◆ Exercise description
Omit the pictures. Transcribe exactly the lines below, from the one with "Het operatiehesje is" up to and including the last.

◆ Data for this exercise

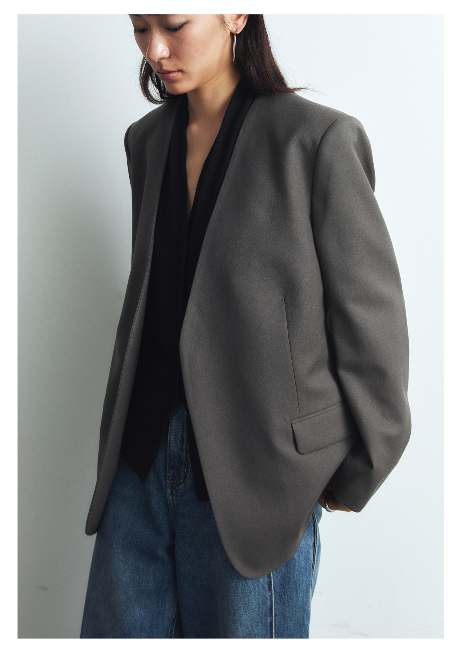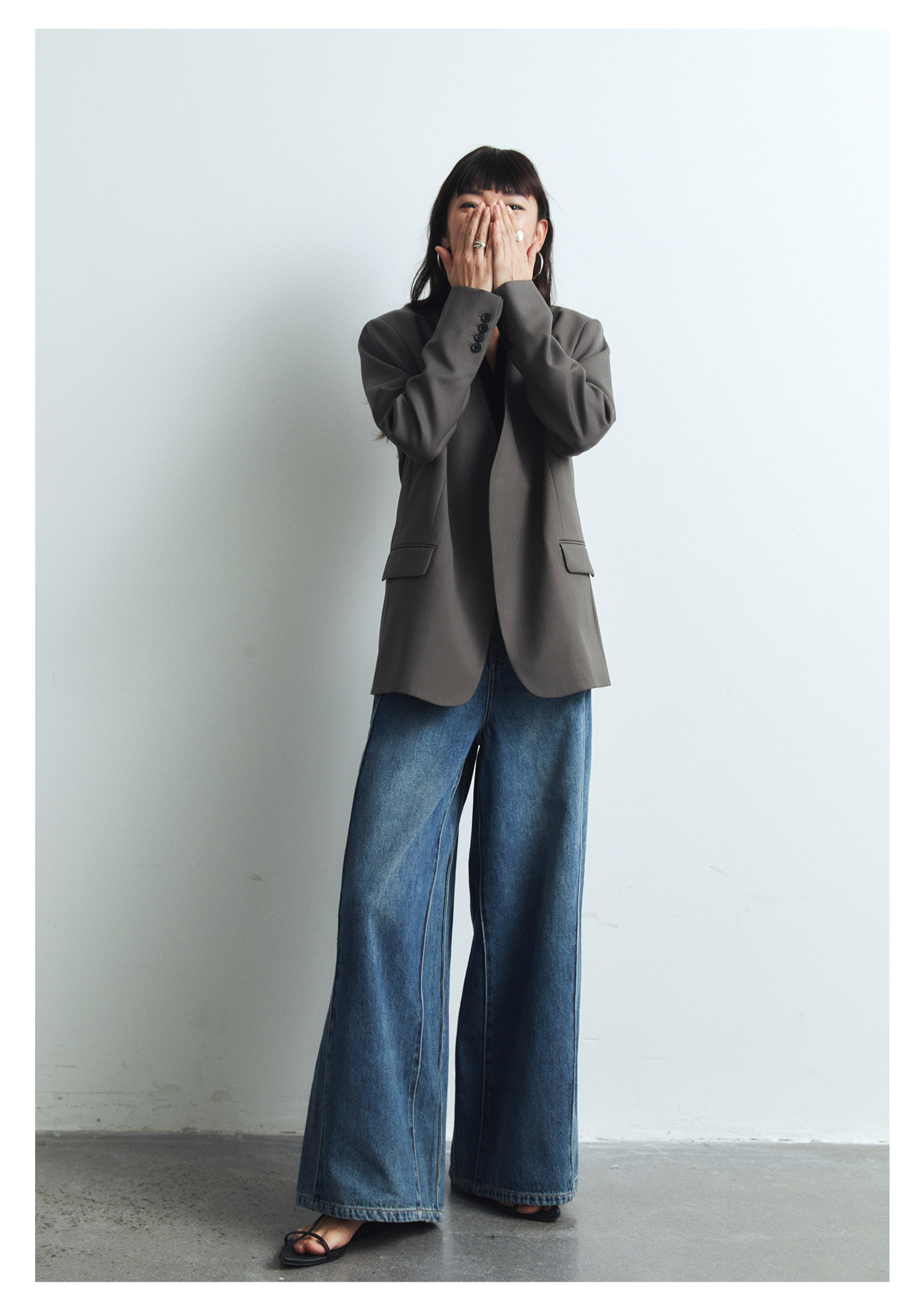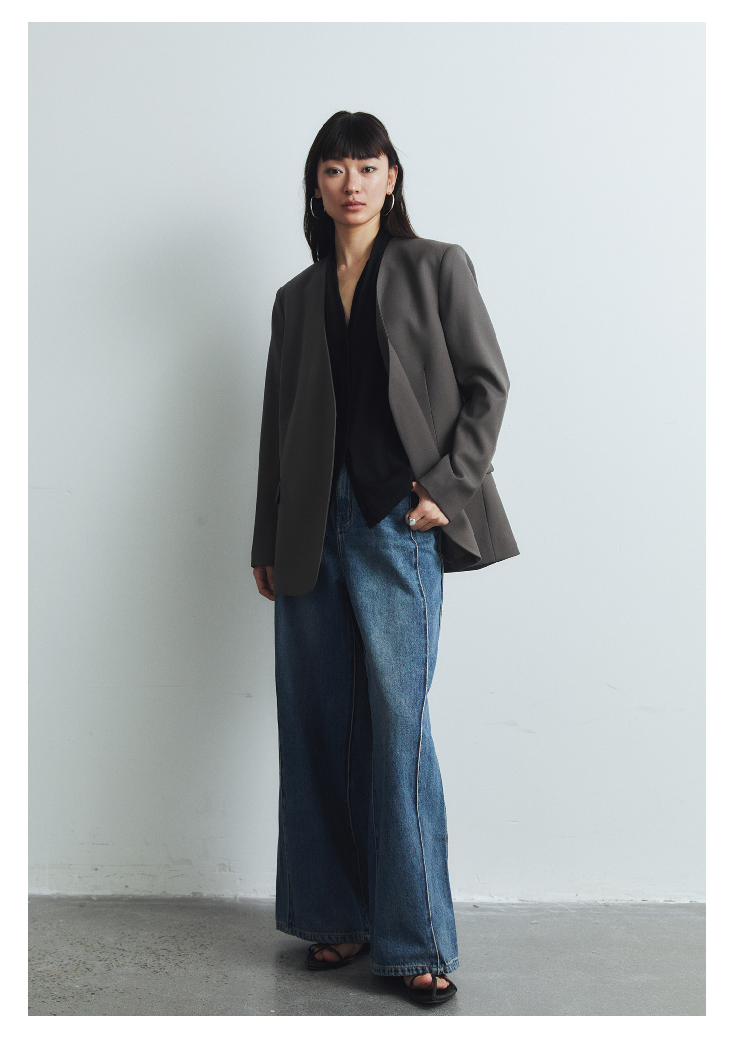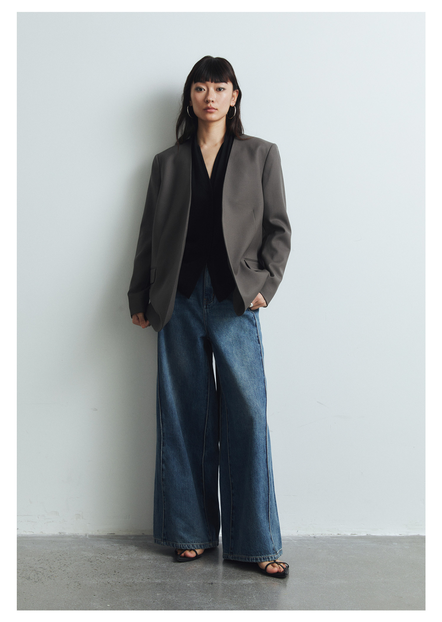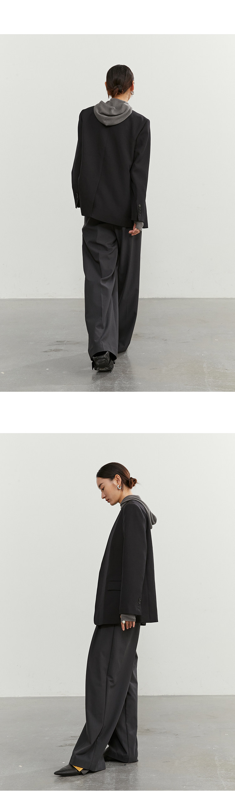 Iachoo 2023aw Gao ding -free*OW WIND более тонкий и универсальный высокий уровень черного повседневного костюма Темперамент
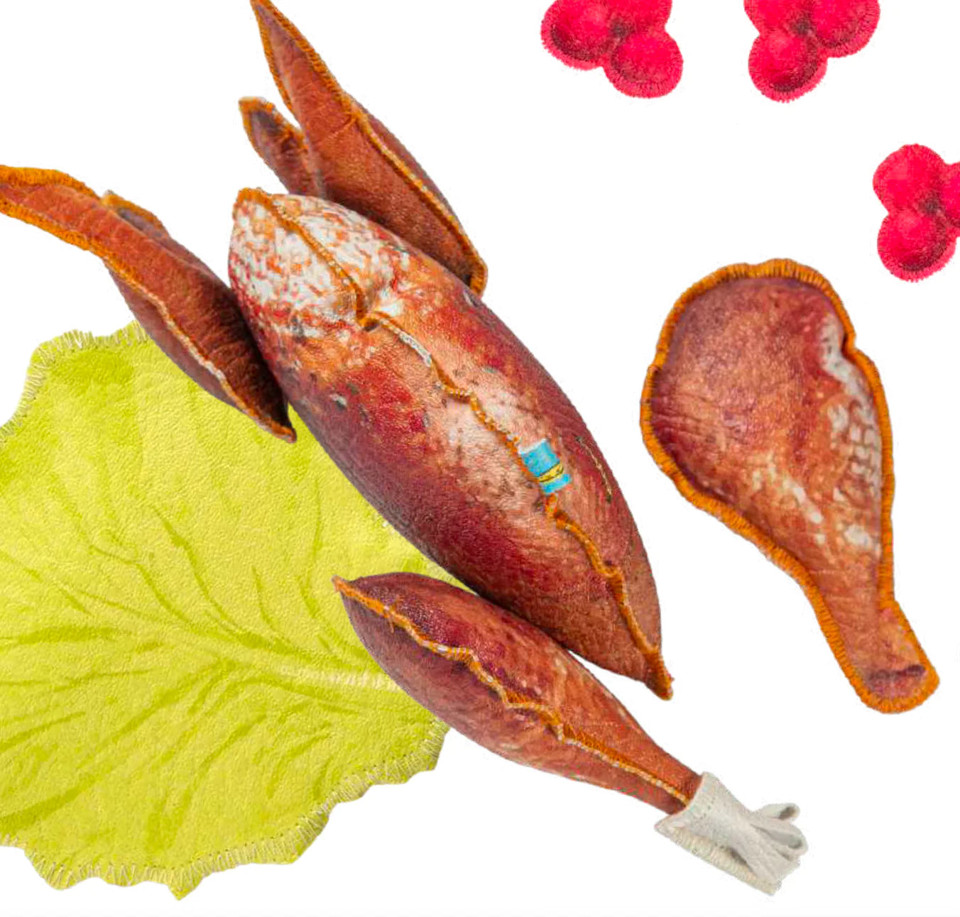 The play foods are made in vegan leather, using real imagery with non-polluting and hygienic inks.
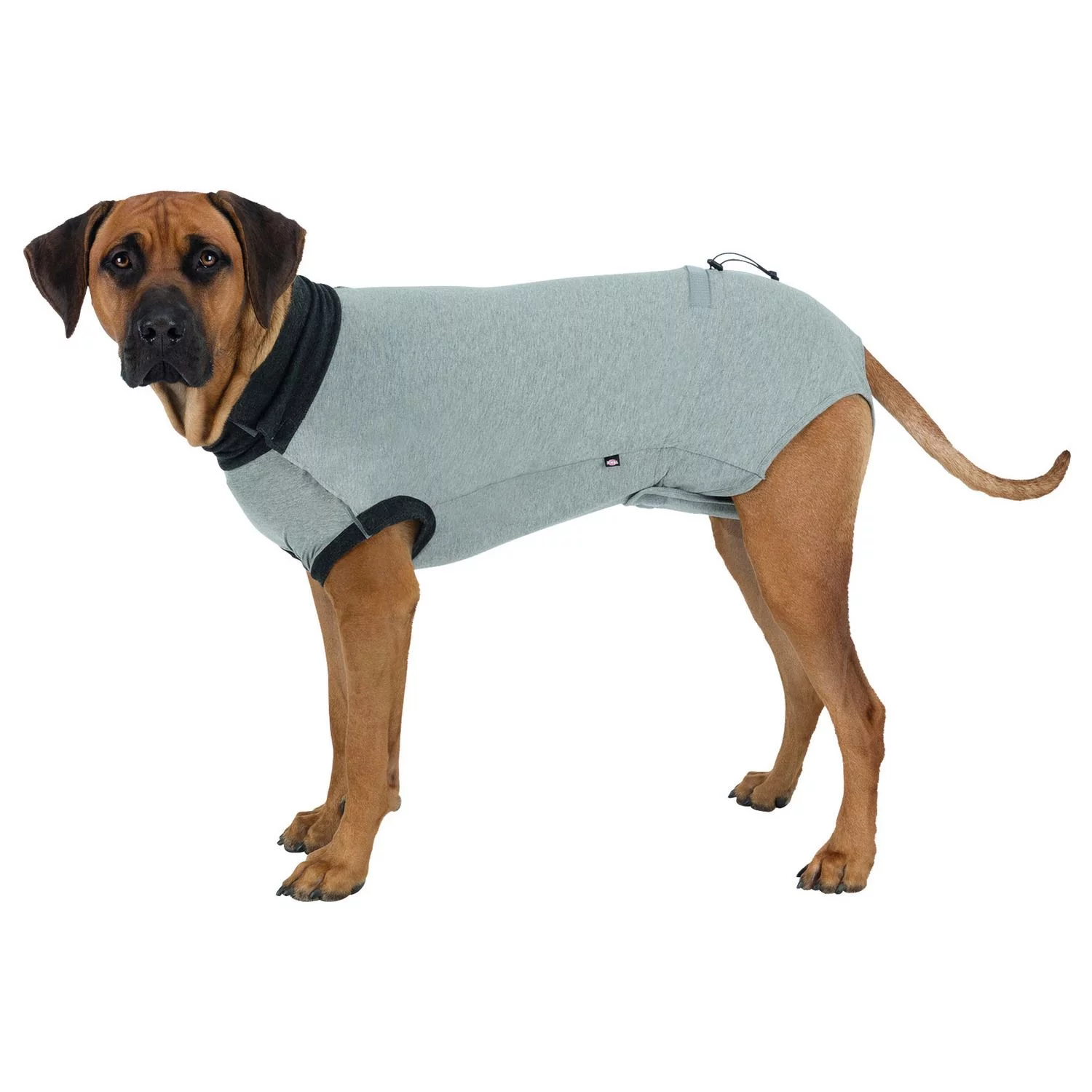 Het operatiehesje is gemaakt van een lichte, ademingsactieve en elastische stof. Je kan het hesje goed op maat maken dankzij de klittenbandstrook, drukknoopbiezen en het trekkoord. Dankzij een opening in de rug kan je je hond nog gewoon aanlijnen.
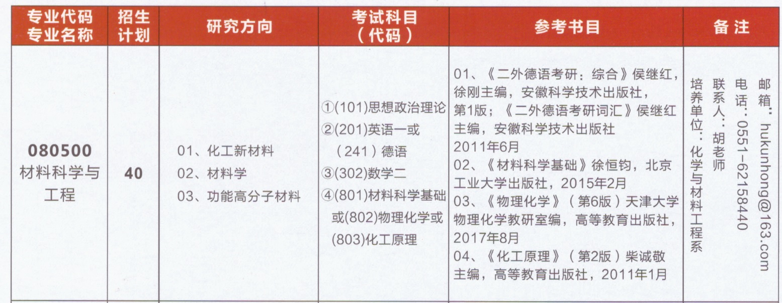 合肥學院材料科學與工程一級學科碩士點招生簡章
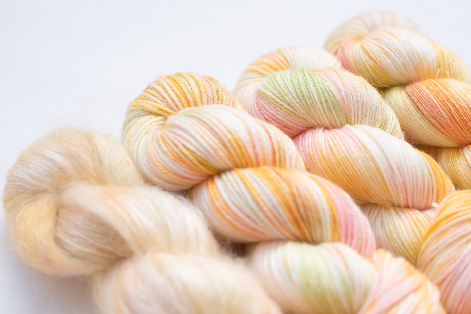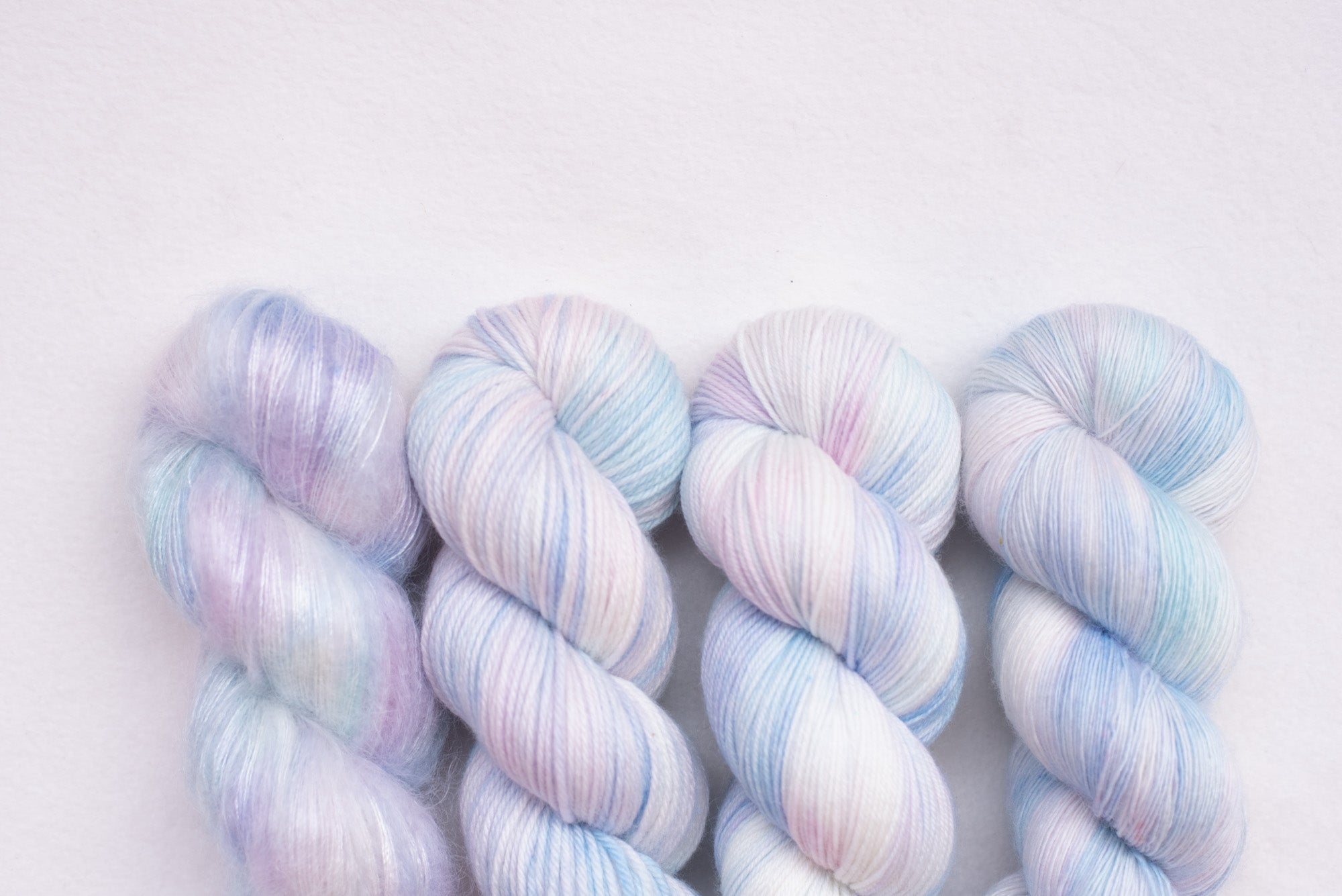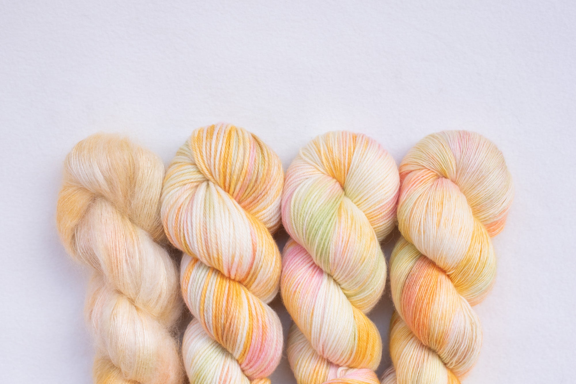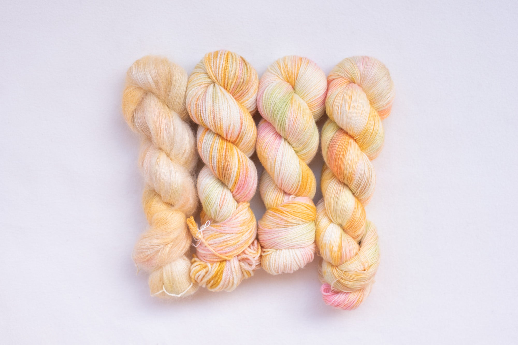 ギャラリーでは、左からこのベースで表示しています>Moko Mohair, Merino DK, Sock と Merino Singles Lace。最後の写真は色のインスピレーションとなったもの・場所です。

◆ Exercise response
 Het operatiehesje is gemaakt van een lichte, ademingsactieve en elastische stof. Je kan het hesje goed op maat maken dankzij de klittenbandstrook, drukknoopbiezen en het trekkoord. Dankzij een opening in de rug kan je je hond nog gewoon aanlijnen.
 合肥學院材料科學與工程一級學科碩士點招生簡章
 ギャラリーでは、左からこのベースで表示しています>Moko Mohair, Merino DK, Sock と Merino Singles Lace。最後の写真は色のインスピレーションとなったもの・場所です。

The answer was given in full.